Aquí se trasladará en los próximos días a las personas mayores con Covid-19, a los sospechosos con vínculo epidemiológico y a los que hayan estado ingresados por esta patología y deben pasar un periodo de aislamiento de 14 días. El director de la residencia aplaude la medida porque "necesitamos apoyarnos entre todos para salir adelante en esta batalla contra el virus". Entiende que pueda parecer "drástica", pero sin duda "es necesaria".

Sanidad les ha provisto de recursos materiales y humanos, mientras la empresa realizará el servicio asistencial de una residencia común. Habrá médicos y enfermeras en todos los turnos para la atención directa a los pacientes y el personal dispondrá de EPIS, aseguró Ferrer.

Masiva respuesta de personal

Ya tenían comprometida la plantilla, de entre 25 y 30 trabajadores, ante el inminente estreno del centro, pero ayer hicieron un llamamiento en busca de más auxiliares de enfermería y/o sociosanitarios con el siguiente anuncio: "Nos hace falta tu apoyo para luchar juntos por esta causa".
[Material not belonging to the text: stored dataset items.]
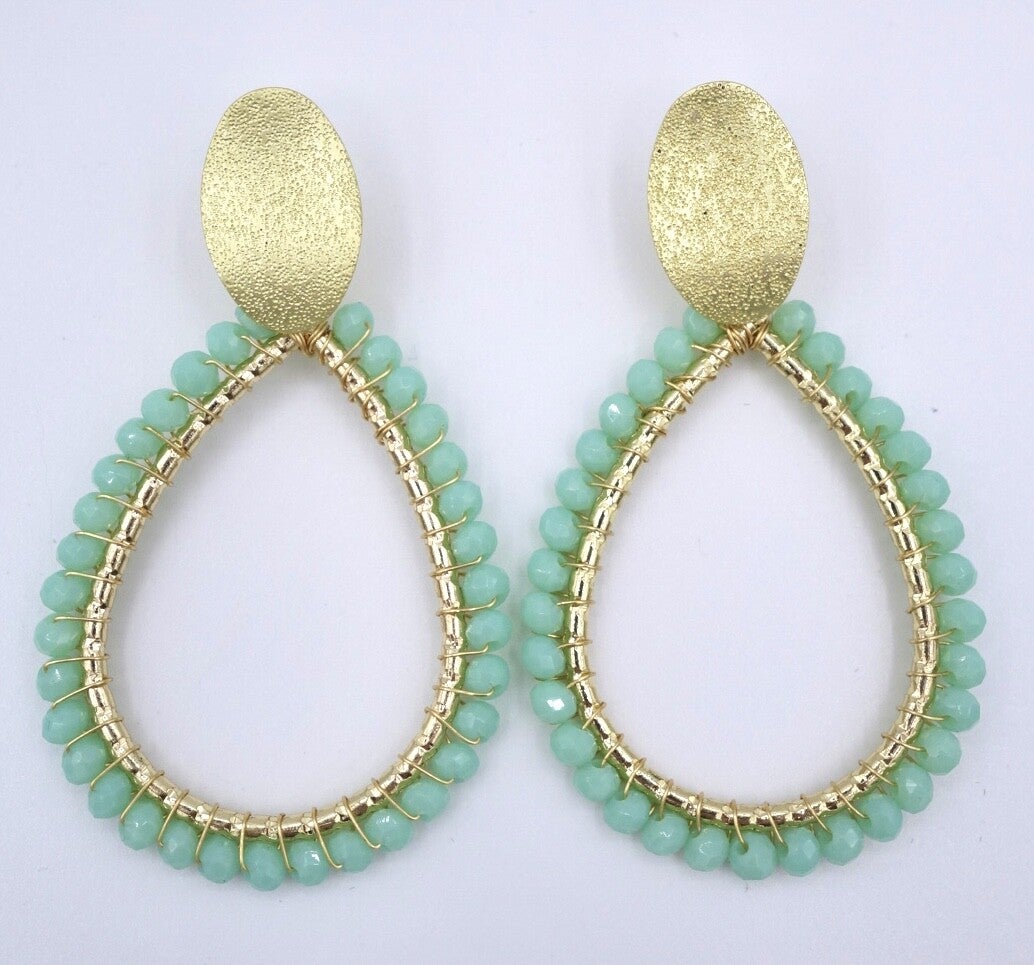 Turquoise facet geslepen glaskraaltjes aan een goudkleurige druppelvorm. De oorstekers zijn van een edelmetaal en de sluiting van 316L ( stainless steel) en is daardoor anti allergisch.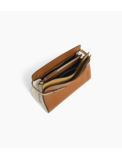 4 compartiments dont 1 zippé. 2 poches plates. 1 poche plate arrière. Bandoulière ajustable et amovible. Anse porté épaule amovible.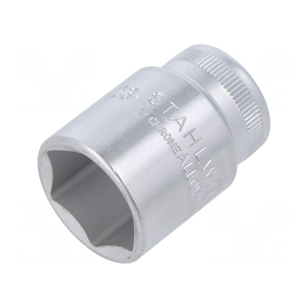 Nasadka sześciokątna o rozmiarze 23mm przeznaczona jest do współpracy z napędami o rozmiarze 1/2". Narzędzie wykonane jest ze stali chromowanej i posiada krótką konstrukcję o całkowitej długości 42mm.
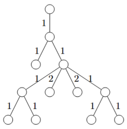 Explanation of Sample 1: The following illustrates, for the first case, a rooted tree with the maximum number of vertices.

La reacción fue inmediata. En pocas horas habían recibido un aluvión de currículos de "decenas de personas" ofreciéndose a trabajar. "Somos un colectivo que ya estamos muy concienciados y todo el personal ha respondido muy positivamente, y sobre todo con la tranquilidad que da el mensaje que nos ha transmitido Sanidad: en cuanto a la protección vamos a tener un nivel similar a un centro hospitalario como San Jorge o el Miguel Servet. Nos relaja saber que vamos a hacer nuestra tarea con plenas garantías", manifestó el director.